I played with my good friend Tardio. Tardio is the kind of golfer who believes he's much better than he actually is. He has all the skill that a good golfer would need but these skills never operate in concert. One day he'll crush the ball long and straight off the tee and airmail his approaches from the center of the fairway. Other days his irons are spot-on but he's attempting an approach shot with a ball wedged against a tree trunk. Tardio always believes that he gets bad bounces and everyone else gets great bounces. Plus, he can't putt. Ever.
But to Tardio's credit he's a much better golfer than I am and we're playing the Sawgrass Course because he told me to call them and tell them that I'd written a book. In Tardio's words, "Once you've written a book people let you do stuff that other people don't get to do." Amazingly, he's correct. So on the Sunday after the Cocktail Party in Jacksonville, we arrive to golf.
Our round costs $365 each (when I booked it I thought they meant total) and we're immediately led out to the driving range where we take turns rifling shots into Florida clouds -- it's overcast and we're both afraid it's going to rain. To protect against this Tardio is wearing his golfing rubbers. Every time he swings on the practice tees he squeaks like an old man walking in mud. I hit a few shots with my pitching wedge to get loose and Tardio watches me.
"You not breaking out the power chambers, yet?" he asks.
Our playing partners arrive. We're in a foursome with two vice-presidents of large American companies, a husband and a wife. One of them sells pet food, Purina or one of their competitors, and the other sells something that's not pet food -- clothing of some form or fashion. And by sells, I mean fires people.
They are very excited to meet us. After attending the Georgia-Florida game the day before, we smell like whiskey bottles with legs. Tardio tells the vice-presidents we're lawyers and they nod skeptically.
Craig, the vice-president of Purina, steps up and begins sending majestically arcing drives off into the distant horizon. These drives may or may not have actually landed in St. Augustine. I take a swing, bring up a large divot, and my ball careens sideways along the length of practice players. I turn and look behind me as if another golfer had also narrowly missed me.
"Power chambers," Tardio says derisively to no one in particular.
Just then our caddy arrives. Our caddy is an average-sized man with a deep tan and really white teeth. His name is Harry and we spend about five minutes meeting him. Mostly we talk about the weather. Then we return to our warm-up shots. My hands are shaking. Harry works his way down through our bags, wiping off our club heads and occasionally pulling out a club and looking down the barrel of the club as if he's sighting a gun. My clubs are the last ones for him to reach.
I sneak a look at him as he eyes my Wilson clubs. For a moment he seems unsure what to do and then he starts to delicately wipe off one of the clubs while keeping the club at a decent distance from his chest. I recognize the cleaning movement—sort of how you clean your shoes when you stepped in dog poop.

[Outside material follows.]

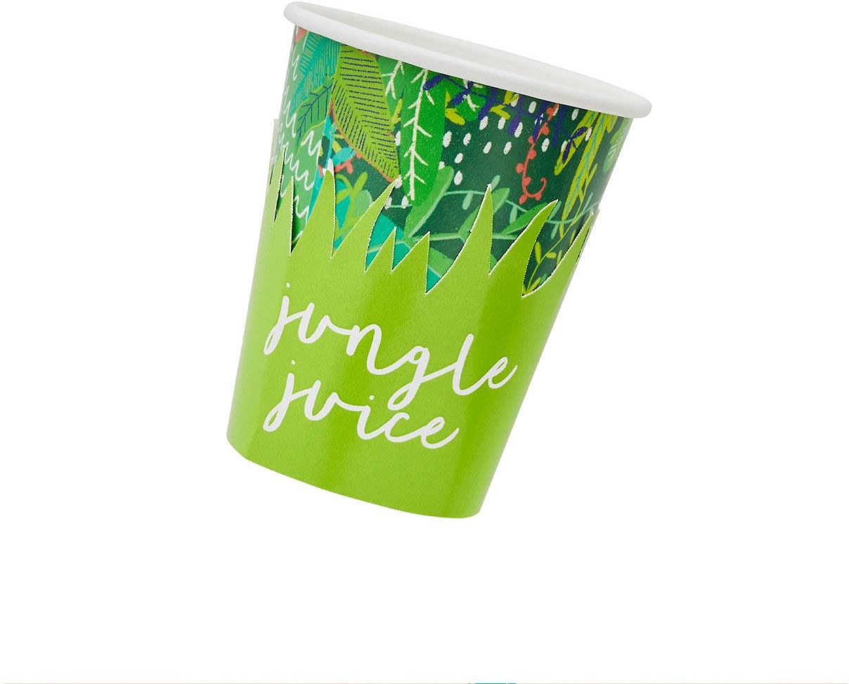 Papierowe kubeczki urodzinowe w motywie jungli z nakładką 3D imitującą trawę oraz napisem Jungle Juice. Idealny dodatek na urodziny w motywie safari, jungli czy na piknik. Pasują do zestawu Snappy Birthday. Pojemność: 250 ml. Opakowanie: 8 szt.

I shank two more shots into the distance before me. Then, the clock tolls, Harry returns my clubs to the Wilson bag, and says, "OK, guys, we're up next. Remember, we've got to keep the pace going."
With that we're off on a professional course with our own caddy.
1. Hole One: If you've never played golf with a caddy before, it's incredibly nerve-wracking. Of course I get nervous playing golf with people I don't know so this is doubly terrifying for me.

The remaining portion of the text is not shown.